C’è un inconsapevole verita’ nascosta nella scaletta di un telegiornale.
La verità che tutto e’ relativo.
Si parte con un massacro e si finisce con i gol, passando attraverso la telepromozione di un materasso e la richiesta di aiuto per bambini che stanno morendo di fame.
E tutto accade in maniera naturale, come un orchestra che passa da un allegro a un adagio, con un direttore che gestisce a colpi di bacchetta tragedia e farsa, sport e spettacolo, morti e goleador.
Noi siamo spettatori di uno show, abbiamo poltrone più’ o meno comode e più o meno vicine al palco, ma ci sentiamo sempre estranei a ciò che accade sul palcoscenico.

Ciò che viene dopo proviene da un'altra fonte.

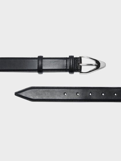 Abel is a smooth leather belt with an A-shaped buckle, designed to be worn around the waist or fit snugly around the hips.
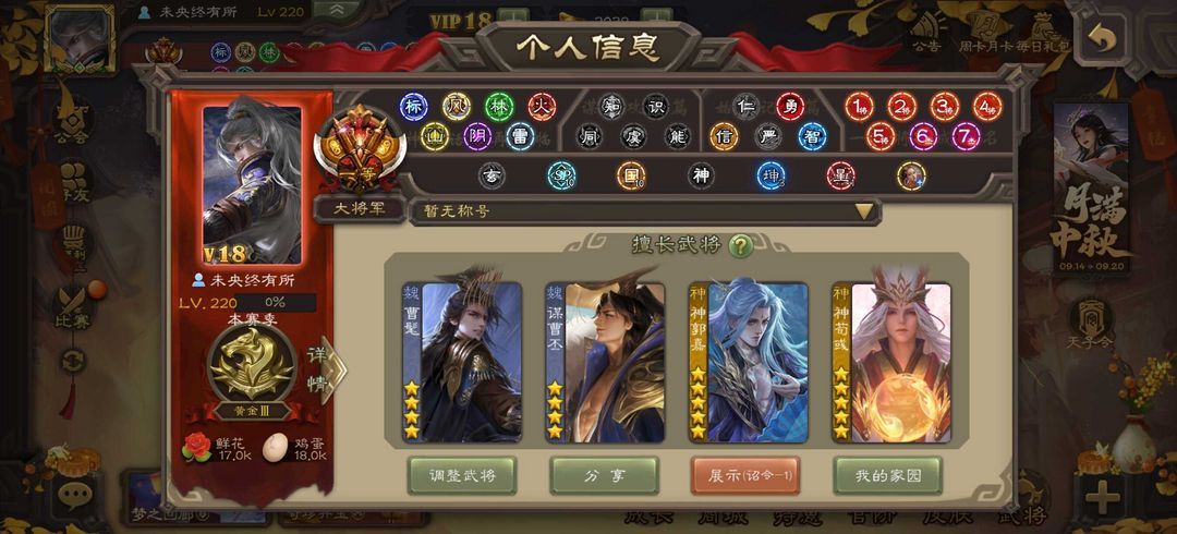 (有卡)一等排行榜1大元帅❤️全灯全扩全武将全满星❤️星周不疑神荀貂蝉新动皮全动皮全回廊39万

Non saremo mai vittime e non saremo mai eroi.
Ma sempre e soltanto auditori distratti delle solite storie che l’uomo costruisce da millenni.
Odio e amore, guerra e pace, vittime e carnefici.
Un canovaccio cosi’ usato da apparire come una corda sfilacciata pronta a spezzarsi.
Poi improvvisamente appare un cane, un cane poliziotto, ucciso da dei coglioni terroristi.
Il cane viene trasportato fuori dal museo, senza vita, su una barella sporca del suo sangue.
Per un attimo si smette di raccontare la storia degli uomini e si racconta la storia di un cane.
E mi commuovo.
C’è un inconsapevole verita’ nascosta nella scaletta di un telegiornale.
Tutto e’ relativo quando si parla di uomini, ma tutto e’ così assoluto quando la vittima e’ un povero animale che dietro una maschera da poliziotto cela l’anima selvaggia della natura massacrata dall’arroganza e della stupidita’ umana.